#### [TASK DETAILS]
The answer should be the exact lines from the line containing "набір скетч маркерів" through the last line of the material below, with no pictures.

#### [SOURCE RECORDS]
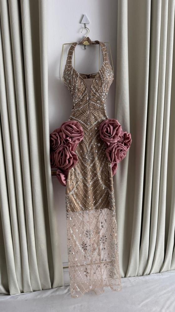 فستان سهرة فاخر بتصميم نحتي يبرز الأنوثة، مطرّز بالكامل بتفاصيل لامعة على قماش نيود راقٍ، مع ورود ثلاثية الأبعاد بلون وردي غامق تضيف لمسة درامية فريدة. خيار مثالي لإطلالة ساحرة تخطف الأنظار في المناسبات الراقية.
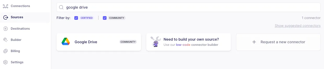 Destination name: Provide a friendly name. Processing: Set chunk size to 1000 (the size refers to the number of tokens, not characters, so this is roughly 4KB of text. The best chunking is dependent on the data you are dealing with). You can leave other options as empty. You would usually set the metadata and text fields to limit reading of records to specific columns in a given stream. Embedding: Select OpenAI from the dropdown and provide your OpenAI api key for powering the embedding service. You can use any other available models also. Just remember to embed the questions you ask the product assistant with the same model. Indexing: Provide credentials for connecting to your Snowflake instance. Step 2: Set up Google Drive, Github and Zendesk sources To select a source, click on sources tab on left, select “New Source” and filter for your source you are looking for.
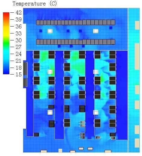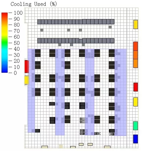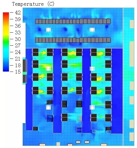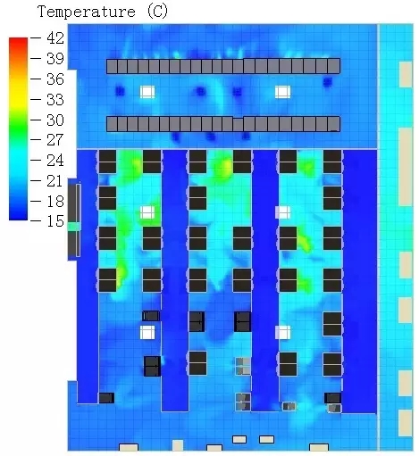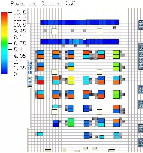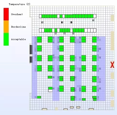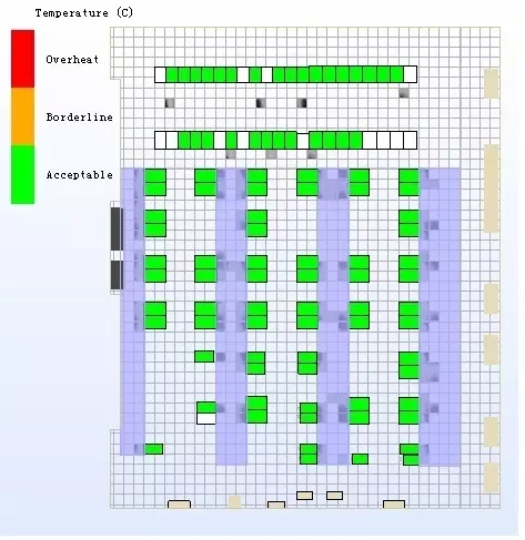 模擬結(jié)果:所有機(jī)柜最高進(jìn)風(fēng)溫度滿足要求,沒(méi)有機(jī)柜處于過(guò)熱或臨近過(guò)熱狀態(tài)。
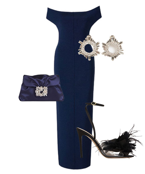 Cuando el evento requiere de una etiqueta formal es imprescindible apostar por un tono oscuro, descartando el negro si se trata de una boda. Para este look te proponemos un vestido ajustado con cuello barco de Alaïa que puedes sofisticar añadiendo unas sandalias de Gianvito Rossi con plumas e incorporar la tendencia del efecto joya con clutch de Roger Vivier que cuenta con cierre de pedrería.
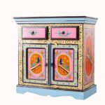 Add vibrant charm to your home with this hand-painted Rajasthani wooden cabinet, crafted with traditional artistry and rich multicolor detailing. Featuring beautiful bird motifs, floral patterns, and bright hues of pink, blue, yellow, and black, this cabinet becomes the perfect eye-catching statement piece for any room.
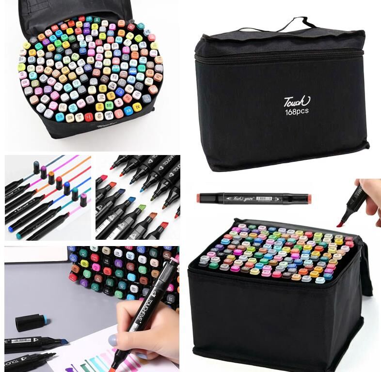 набір скетч маркерів 168 кольорів touch двосторонні чорний в сумочці купити
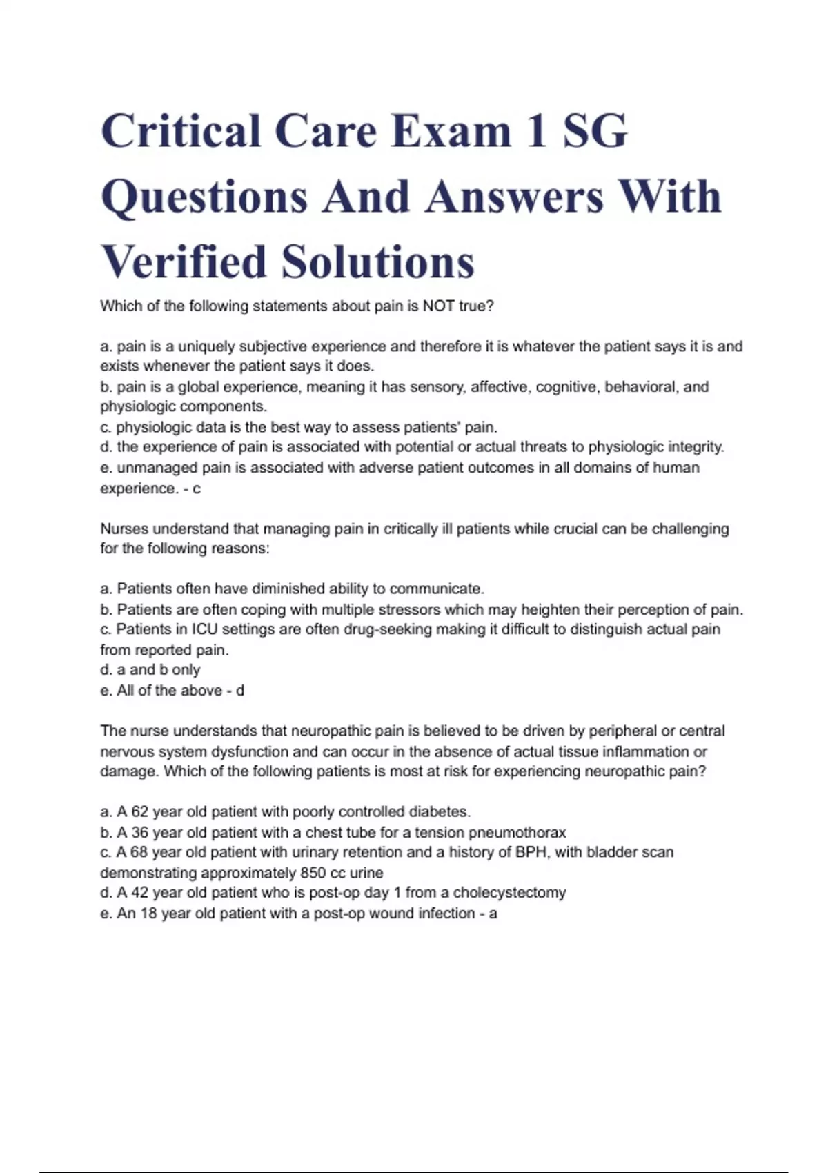 Critical Care Exam 1 SG Questions And Answers With Verified Solutions
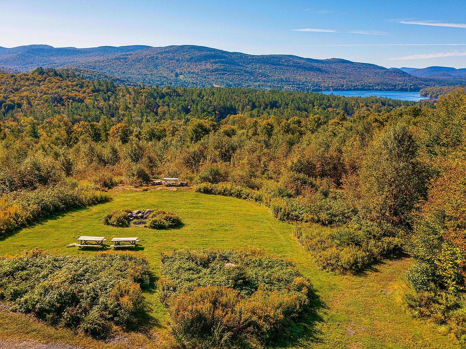 The lawn area is landscaped in a way that allows for seasonal wildflowers to arise, while also offering a flat and expanded lawn space for family gatherings and enjoyment. The large handcrafted stone fire pit is a central piece of the property and looks out onto the awestriking view. This is most exciting during the Town of Long Lake's firework celebrations where you can watch from your own personal vantage point.

#### [WRITTEN SOLUTION]
 набір скетч маркерів 168 кольорів touch двосторонні чорний в сумочці купити
 Critical Care Exam 1 SG Questions And Answers With Verified Solutions
 The lawn area is landscaped in a way that allows for seasonal wildflowers to arise, while also offering a flat and expanded lawn space for family gatherings and enjoyment. The large handcrafted stone fire pit is a central piece of the property and looks out onto the awestriking view. This is most exciting during the Town of Long Lake's firework celebrations where you can watch from your own personal vantage point.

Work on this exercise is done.